Relic Solution: Patterns for Implementing Alerts Workflows

In this post, we will review various implementation patterns for configuring alert notifications using Workflows and Destinations. Workflows are very flexible and highly configurable. They can be configured in various ways to address the needs of a broad range of operational models and account sizes. As such, there are various implementation patterns that you may use depending on your requirements. This post will discuss some of the possible patterns.

First, let’s do a quick review of the Alerts & AI Ops reference model.
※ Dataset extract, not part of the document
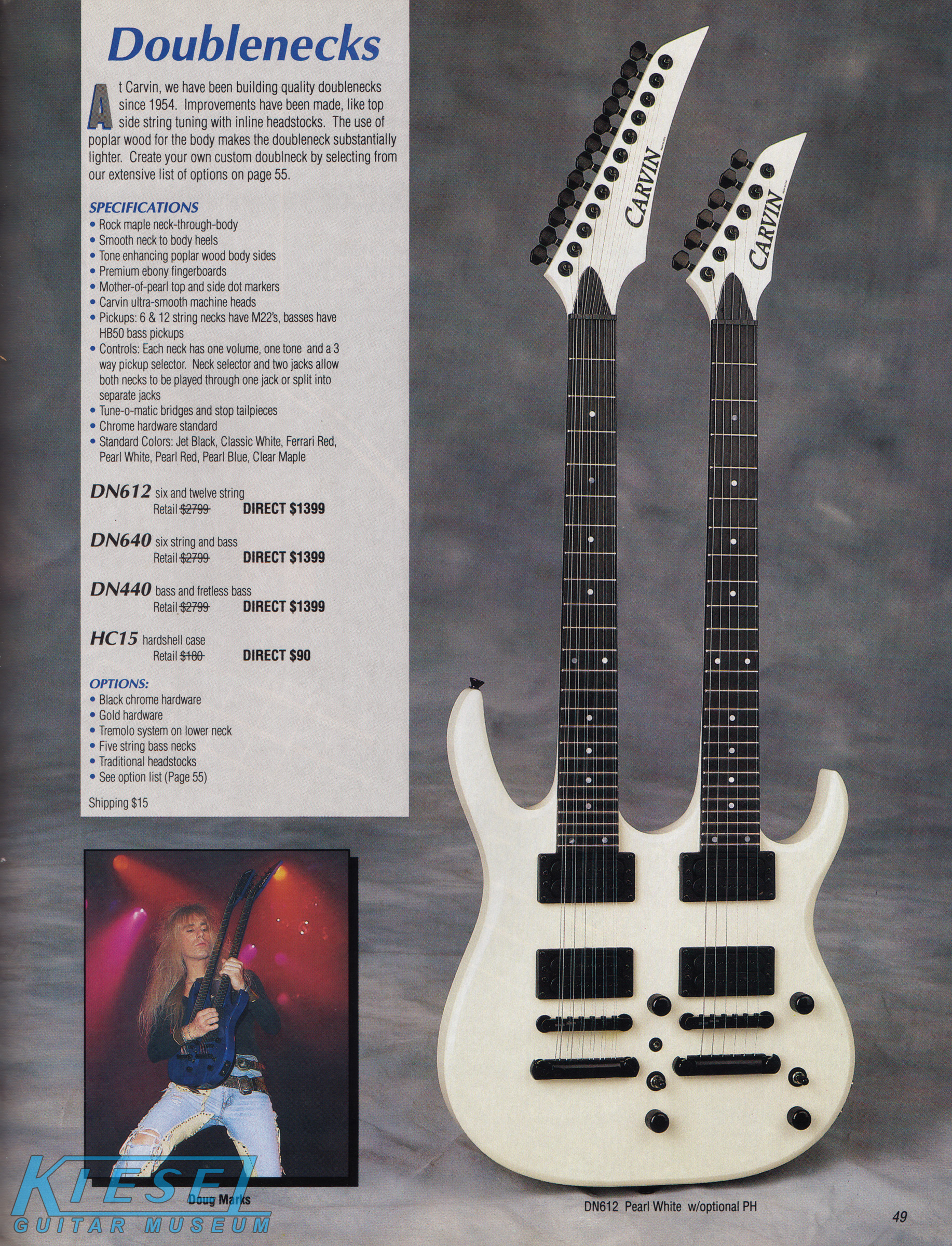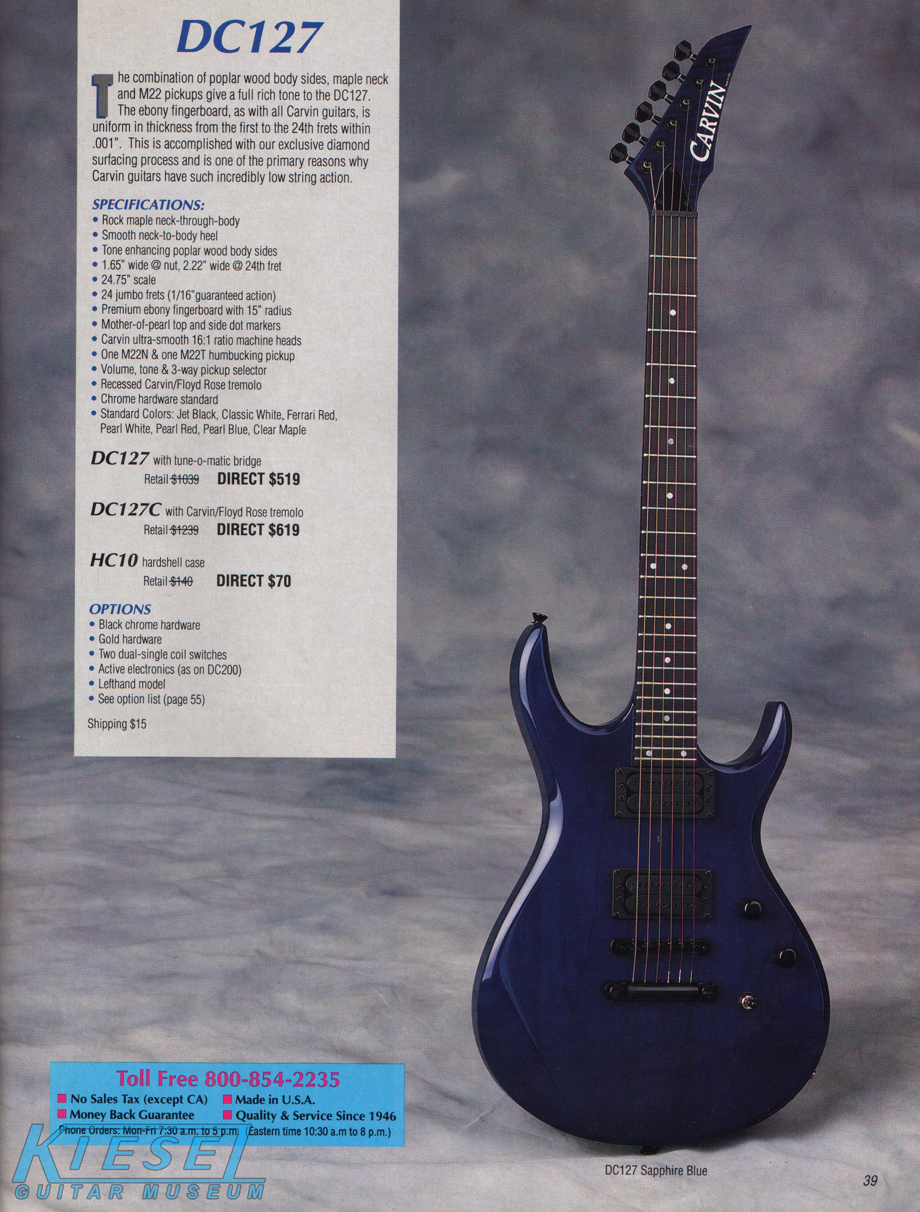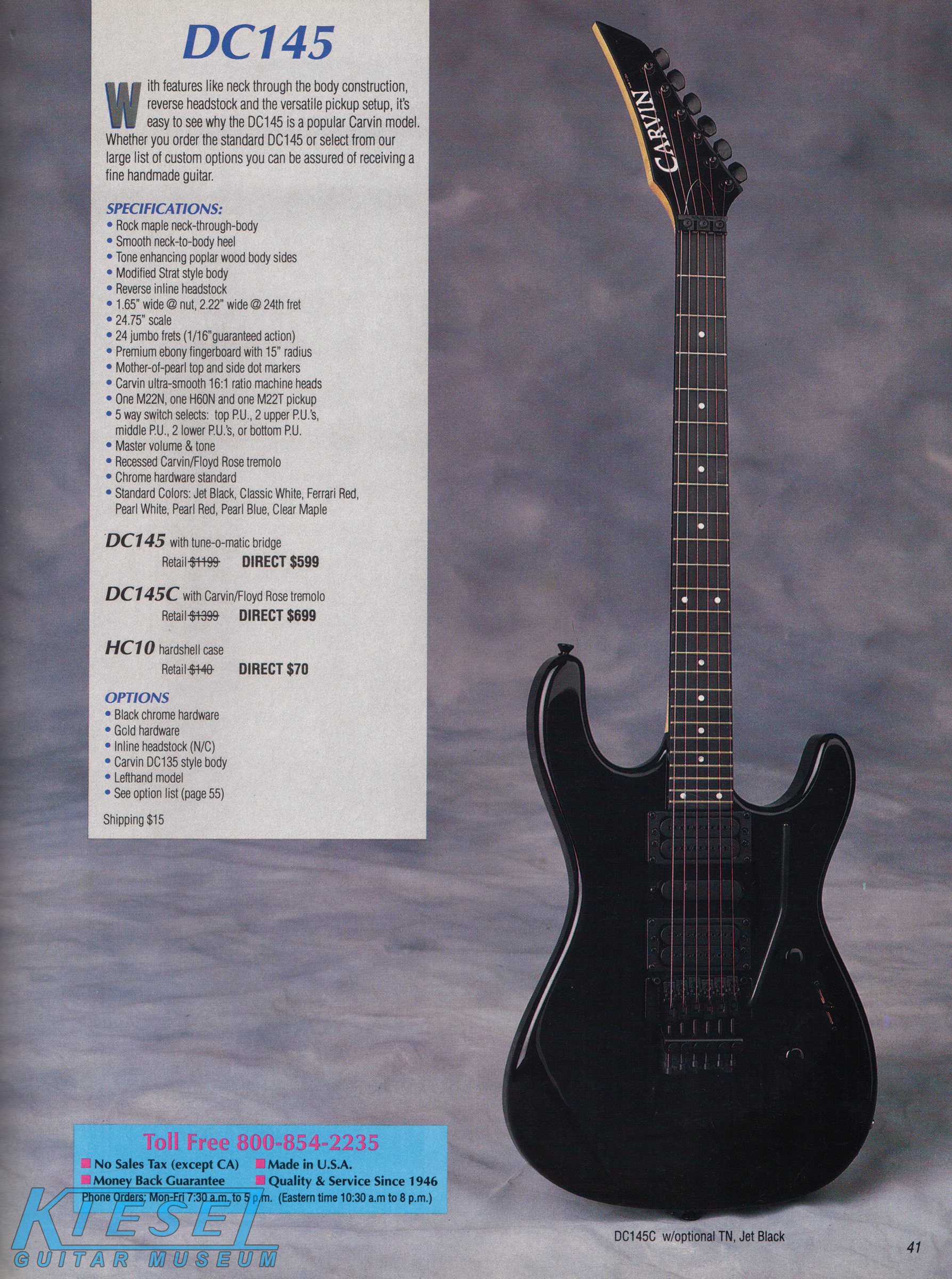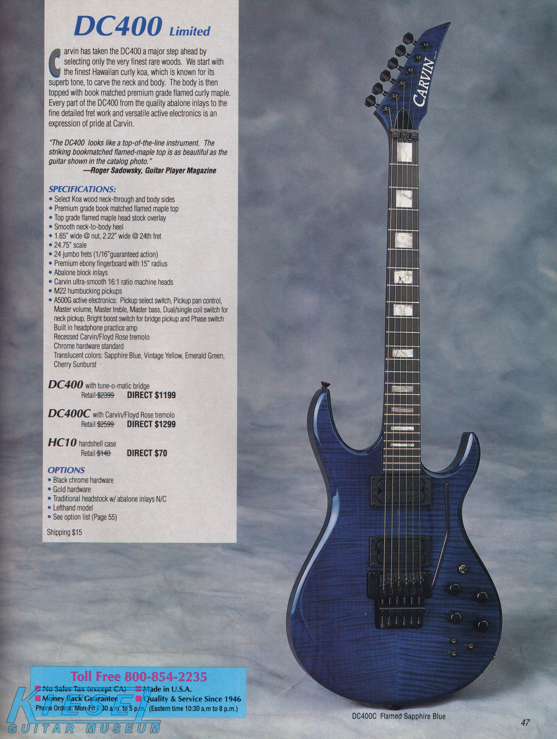 The DC200 and DC400 were essentially the same as the 1990 models, but the DC200 got the M22T and M22N pickups standard, and was made with a poplar body and maple neck. The DC400 continued using the standard M22 pickups, but had a standard koa body and koa neck. Base price on the DC200 was $669 ($769 with tremolo), and the DC400 was $1199 ($1299 with tremolo). The catalog showed the DC200 in tung-oiled koa with maple neck and gold hardware, and the DC400 was shown in flamed Sapphire Blue with licensed Carvin Floyd Rose tremolo and black hardware.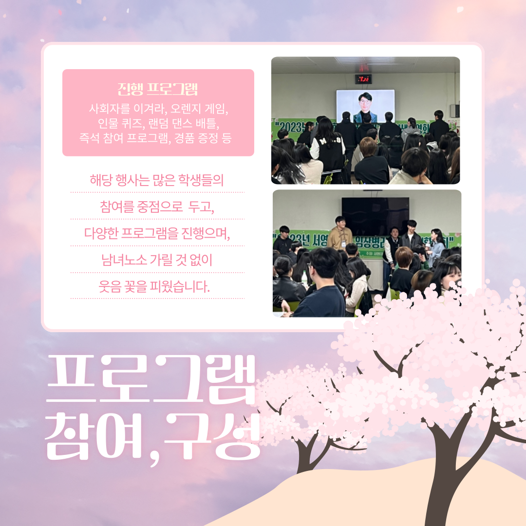 2023학년도 임상병리과 새내기들의 입학을 환영하고 선후배사이의 돈독한 정을 새기기 위한 임상병리과 신입생 환영행사를 운암관에서 가졌습니다. 새로운 입학생들을 환영하고 선배님들의 대학생활에 정보를 나누는 의미있는 시간이 되었으며, 학과발전을 위한 만남의 장을 마련하게 되었습니다. 서영대학교 임상병리과 새내기 여러분들의 멋진 대학생활을 응원합니다~~서영대학교 임상병리과 화이팅!

  • The initial configuration object is the Alert Condition. Alert conditions evaluate streaming telemetry signals to identify anomalous behavior.
  • When such behavior is detected, an Incident is opened. An incident captures the detail and state of individual symptoms of a larger problem.
  • When an incident is opened, an Issue is created. An issue is a container for a set of related incidents. The Issue collects and organizes all of the symptoms of a larger problem whose root cause needs to be determined.
  • When an Issue is activated, Workflow configurations define which Issues get routed through which Destinations in order to notify you or your downstream systems.

Implementation Patterns

Pattern : One workflow per account
Scenario : All Issues get routed to one downstream system, with a common schema.

If your organization is sending all issues to a single downstream system, such as ServiceNow or a 3rd party AI Ops platform, then you may be able to implement a very simple configuration. One workflow, without a filter defined, will match to all Issues and route it to the destination you configured to connect to ServiceNow, or other system.

Pattern : Workflows filtering on a “team” tag to notify teams
Scenario : DevOps teams manage sets of services and want notifications for all of their services to go to teams.

For organizations operating in a DevOps model, a team builds and operates multiple services and owns many entities. The team will often have a shared rotation for who receives alerts and responds to incidents. For this approach, we recommend first ensuring that a “team” tag is added to all Incidents. With that in place, add a filter to a workflow to match on the “team” tag, and route the issue to the desired destination, such as PagerDuty or Slack.

This approach can be expanded in various ways, such adding a check for an “environment” tag, or a checking for a “priority” to route issues to the most appropriate destination. This is a flexible and efficient pattern that does not bind your notification options to your choice of how to organize your alert conditions into policies.

Tags are added to Incidents in one of three ways: from facet attributes on a NRQL condition (aka telemetry tags), from tags on the entity that triggered the condition, or from tags associated with the Alert Condition. To ensure consistency, we recommend tagging all of your conditions with a “team” tag, or similar tag name to fit your model.

Pattern : Workflows filtering on an Alert Policy tag to notify service operators
Scenario : All alert conditions for a service are already grouped into Alert Policies, with notification destinations varied per service / policy.

For organizations that have their alert conditions for a given service organized together into a policy, and route their notifications based on that policy, you may choose to use a Policy tag as a filter in your workflows. This is most similar to the legacy alert model that restricted your notification settings based on how you organized your Alert Conditions. If this model is working well for your organization, and you do not have a very large number of policies, this model may work well for you.

This is the pattern being used by New Relic when we automatically upgrade legacy alert channels to workflows. This is because this is a mapping model that is common to all New Relic accounts. However, if you have a very large number of policies, and each policy’s notifications are not routed to a unique destination, then we recommend you use a tag based pattern, similar to the one above. Policy based patterns can run into scaling limits if you have over hundreds of policies in an individual account.

While these are recommended, or common patterns, you are by no means limited to these patterns or methods. Workflow filters are very flexible and can be adapted to any number of implementation models.